Plus, I’ve actually had a lot of thoughts tumbling through my head over the past year or so, and they’ve kinda been struggling to get out in a more solid, structured form. My old blog used to be straight humor. This one is more likely to be 50/50 between humor and more starkly serious philosophies I hold about life and love. And the truth of the matter is that I’d love to open up a debate in this blog about my philosophies. I’m still ironing a lot of them out, and I’d love to hear some logical retorts to my ideas.

But I do realize that a lot of you might just want what I used to have, which was a less thought-provoking, more chuckle-inducing blog. With that in mind, I’ve decided to tag individual entries as either “For Seriously” (serious blogs) or “Why So Serious?” (humor).
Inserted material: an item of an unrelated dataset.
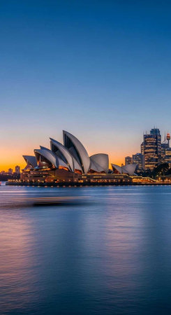 The Sydney Opera House stands majestically against a serene evening sky with calm waters reflecting vibrant colors.

I doubt I’ll write much about poker, but on the off-chance I do, I’ll tag them as such. Regardless, read whatever you want, or never read my blog again, whatever, I don’t care. (<-- blatant lie. I crave attention.)

Shout-Outs


Some shout-outs are definitely in order before I post any real entries. Two people in particular inspired me to resume blogging:

Single Steve -- One of my friends from college named Steve (I'm omitting his last name, because he leaves his last name and his face off of his blog for professional reasons) has been writing a blog for some time called Single Steve. It's hilarious, it's exactly my kind of humor, and it's frankly almost exactly like what I used to do on my humor blog. He makes ridiculous jokes, whips up ludicrously bad MS Paint diagrams and charts, and is just generally hilarious. Those are all things I used to do, and I very much missed that. Thanks for getting me off my ass, Steve.

Kristy Arnett -- Kristy is one of my great friends here in Vegas. I work with her and we have the same group of friends. She started an incredibly honest blog called Snaptress about her life and just random funny experiences, and I love how she just puts herself out there.

Anyway, enjoy my blog. (Or, you know, be a dick about it and don't enjoy it.)